*Provided data*.

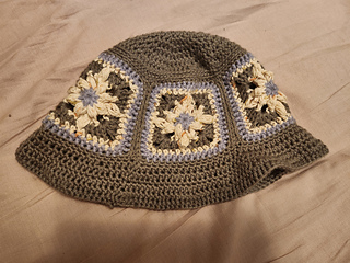 The granny squares worked individually and joined them together. And then attached the flat circle for the top of the hat and lastly added brim.
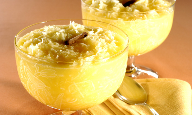Devolva ao fogo baixo e, quando começar a ferver, junte o coco e a manteiga. Misture vigorosamente e retire do fogo. Deixe esfriar. Sirva decorado com pau de canela. Bom apetite.
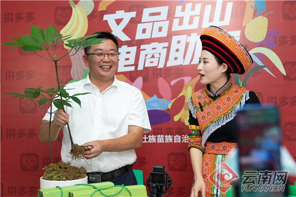 6月22日上午,在云南省文山壯族苗族自治州“文品出山”區(qū)域公共品牌發(fā)布會現(xiàn)場搭建的拼多多直播間里,文山州委副書記、州長張秀蘭化身“帶貨達人”,向鏡頭前的網友推介當?shù)刈罹咛厣霓r特產品,利用電商直播,借助“文品出山”區(qū)域公共品牌,提升文山州農特產品知名度。
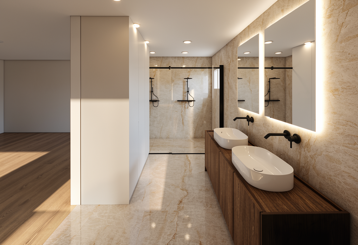 crop out the stove and gas pipes on the left side crop out the drop cloths on the fireplace in the back of the room add stained wood shelving to the open areas paint the unpainted areas white on the cabinets stain the mantle with the same color as the shelving put white trim around the fireplace insert add furniture in the room a sectional couch and two reclining chairs in neutral fabric in front of the windows with a table in between add a rug and a sofa table add minimal accessories a tv above the fireplace mantle and double rod curtains with a sheer underneath and a printed fabric on the outer layer flip the room 180 degrees and change the windows to behind the recliners show the view facing the fireplace and make the couch an l shaped sectional use the exact same furniture and the same view and put the 2 chairs in front of the windows and the sectional on the right side of the room

*Required work*. Once the pictures are set aside, retype the rest of the listing exactly.

*Exercise output*.
 The granny squares worked individually and joined them together. And then attached the flat circle for the top of the hat and lastly added brim.
Devolva ao fogo baixo e, quando começar a ferver, junte o coco e a manteiga. Misture vigorosamente e retire do fogo. Deixe esfriar. Sirva decorado com pau de canela. Bom apetite.
 6月22日上午,在云南省文山壯族苗族自治州“文品出山”區(qū)域公共品牌發(fā)布會現(xiàn)場搭建的拼多多直播間里,文山州委副書記、州長張秀蘭化身“帶貨達人”,向鏡頭前的網友推介當?shù)刈罹咛厣霓r特產品,利用電商直播,借助“文品出山”區(qū)域公共品牌,提升文山州農特產品知名度。
 crop out the stove and gas pipes on the left side crop out the drop cloths on the fireplace in the back of the room add stained wood shelving to the open areas paint the unpainted areas white on the cabinets stain the mantle with the same color as the shelving put white trim around the fireplace insert add furniture in the room a sectional couch and two reclining chairs in neutral fabric in front of the windows with a table in between add a rug and a sofa table add minimal accessories a tv above the fireplace mantle and double rod curtains with a sheer underneath and a printed fabric on the outer layer flip the room 180 degrees and change the windows to behind the recliners show the view facing the fireplace and make the couch an l shaped sectional use the exact same furniture and the same view and put the 2 chairs in front of the windows and the sectional on the right side of the room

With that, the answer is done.